Zou Qin, Cao Ling, Zhang Zheng, Chen Long, Wang Song
IEEE Trans Neural Netw Learn Syst. 2022 Apr;33(4):1673-1687. doi: 10.1109/TNNLS.2020.3043298. Epub 2022 Apr 4.
Hash coding has been widely used in the approximate nearest neighbor search for large-scale image retrieval. Given semantic annotations such as class labels and pairwise similarities of the training data, hashing methods can learn and generate effective and compact binary codes. While some newly introduced images may contain undefined semantic labels, which we call unseen images, zero-shot hashing (ZSH) techniques have been studied for retrieval. However, existing ZSH methods mainly focus on the retrieval of single-label images and cannot handle multilabel ones. In this article, for the first time, a novel transductive ZSH method is proposed for multilabel unseen image retrieval. In order to predict the labels of the unseen/target data, a visual-semantic bridge is built via instance-concept coherence ranking on the seen/source data.
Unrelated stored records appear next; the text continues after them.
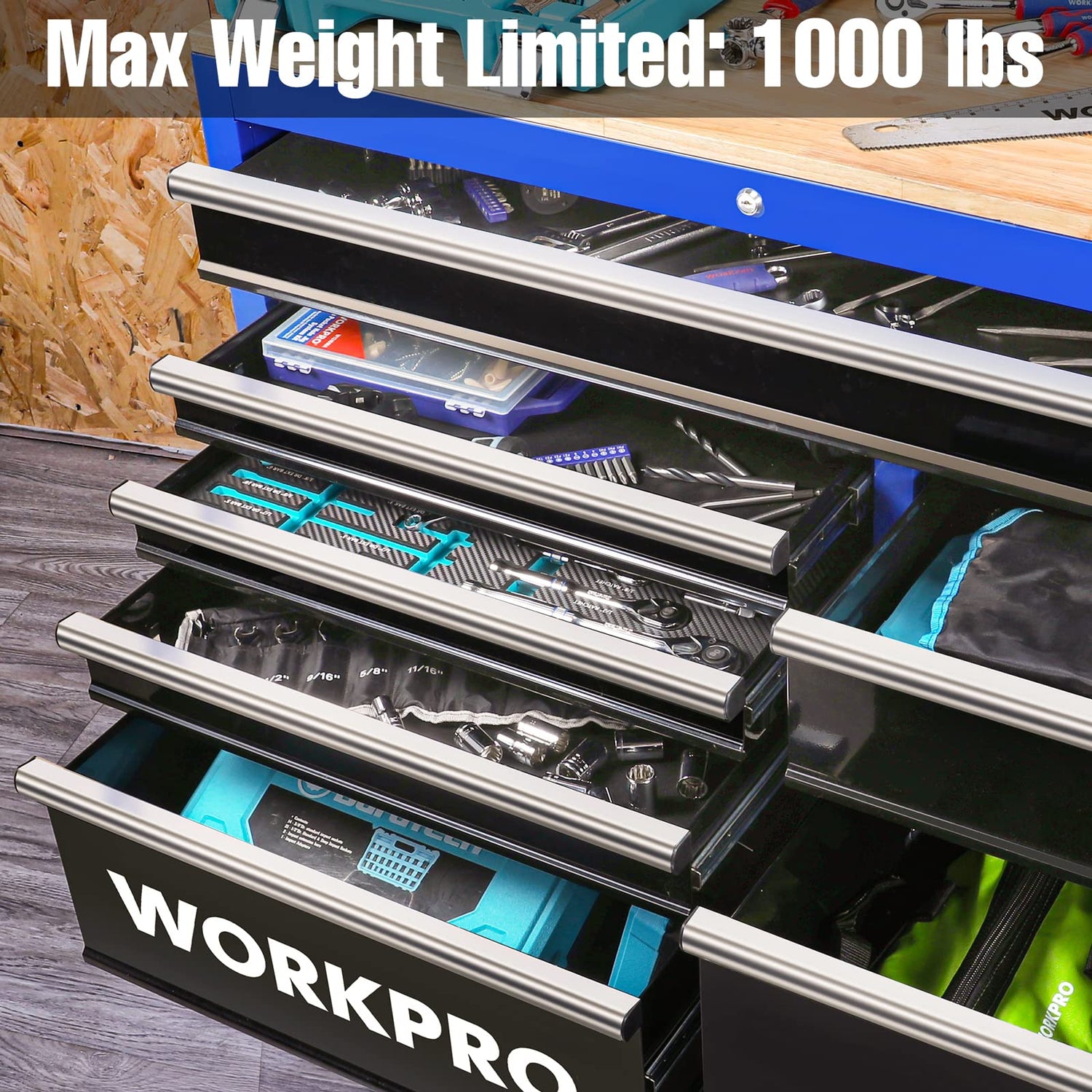 - 【Up to 1000 lbs Load Capacity】 Constructed with high-quality welded steel construction, anti-rust treatment and corrosion-resistant powder coat finish, featuring a solid-wood surface on top, this WORKPRO tool chest is a great garage tool chest or workbench that fits just as easily in the home shop of any DIYer, maker, or hobbyist. Maximum Load Bearing: 1000 lbs.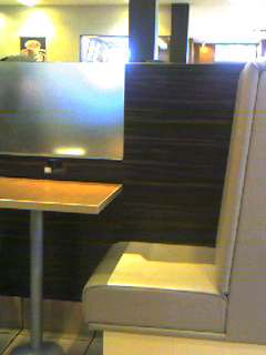 何よりも店内にコンセントがあり(写真のテーブル上中程のしきりにみえる白いのがそうです)、パソコン仕事ができるのがありがたいところです。 座席の背が高く周りにあまり見られないボックス席もあり、ヤフープレミアム会員ならば無線LANでインターネット接続もできるので、たまに私は打ち合わせの時に使います。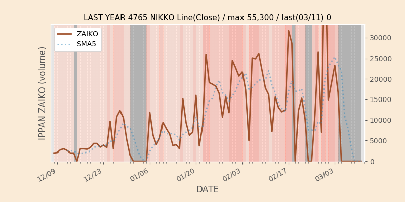 権利落ち日になると在庫が急回復します。どれだけの在庫が供給されたかを類推できます。もちろん、権利付最終日以前に大量補充された例も目立ちますから、過去チャートをご覧になる際は日付にご注意ください。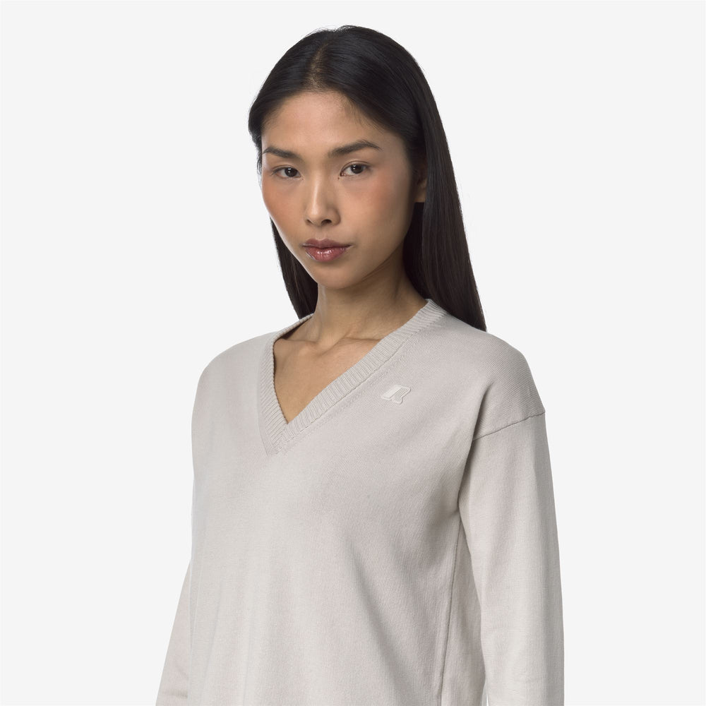 Beige Grey Women's Cotton V-Neck Crop Sweater with Ribbed Trims main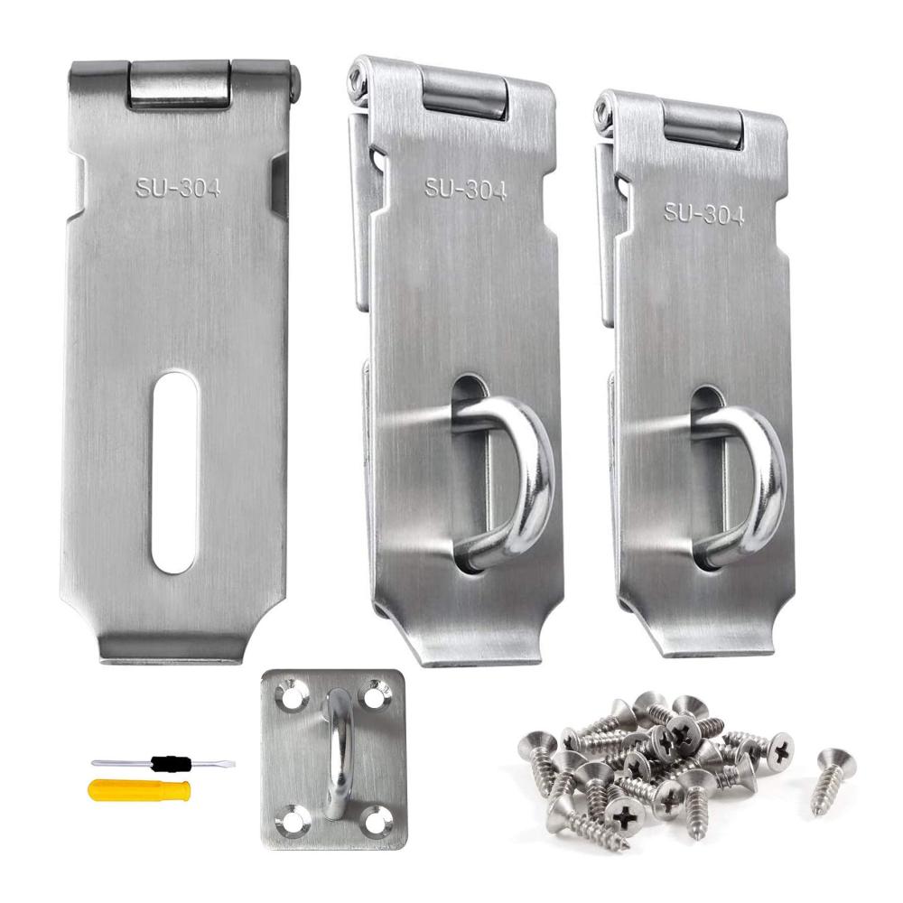 XianzhanEU 3 PCS Edelstahl Haspe Sicherheits Überfalle Vorrichtung für Tür Fenster Schrank Haustierkäfig Kisten mit 27 × Universalschrauben 1 × Schraubendreher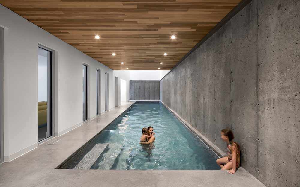 L’escalier reliant les trois niveaux est léger et dynamique : il longe la paroi de cèdre rouge et mène au rez-de-jardin. C’est à ce niveau que l’on découvre une piscine intérieure, un secret bien gardé, insérée au cœur de la résidence. On y accède en traversant la mosaïque paléolithique qui orne les murs de la douche. La lumière naturelle balaie le mur à l’extrémité de la longue piscine et invite à la nage.
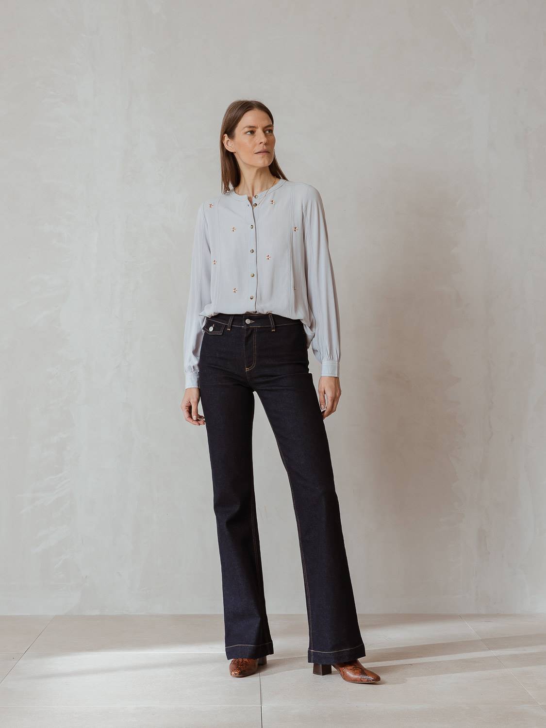El pantalón NOAH es nuestra propuesta para un look retro y atemporal. Su pierna larga tall friendly lo hace perfecto para estilizar la silueta de las más altas. Tiene un fit ajustado y bajo acampanado, perfecto para llevarlo con una campera. Un básico sostenible de algodón con lavado Ozono Denim.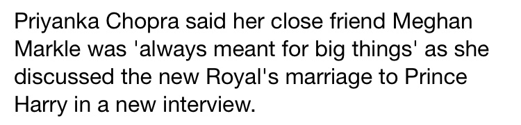 Ok, so I don’t know if everybody saw this one, but last week, an article came out taken from an interview with Priyanka sometime before Archie was born – stating that she “knew Meghan was always destined for big things”.

Then, pairwise similarity loss and focal quantization loss are constructed for training a hashing model using both the seen/source and unseen/target data. Extensive evaluations on three popular multilabel data sets demonstrate that the proposed hashing method achieves significantly better results than the comparison methods.
哈希编码已广泛应用于大规模图像检索的近似最近邻搜索。给定诸如训练数据的类别标签和成对相似度等语义标注,哈希方法可以学习并生成有效且紧凑的二进制代码。虽然一些新引入的图像可能包含未定义的语义标签,我们称之为未见图像,但零样本哈希(ZSH)技术已被研究用于检索。然而,现有的ZSH方法主要专注于单标签图像的检索,无法处理多标签图像。在本文中,首次提出了一种新颖的转导式ZSH方法用于多标签未见图像检索。为了预测未见/目标数据的标签,通过对可见/源数据进行实例-概念一致性排序来构建视觉-语义桥梁。然后,构建成对相似度损失和焦点量化损失,以使用可见/源数据和未见/目标数据训练哈希模型。在三个流行的多标签数据集上进行的广泛评估表明,所提出的哈希方法比比较方法取得了显著更好的结果。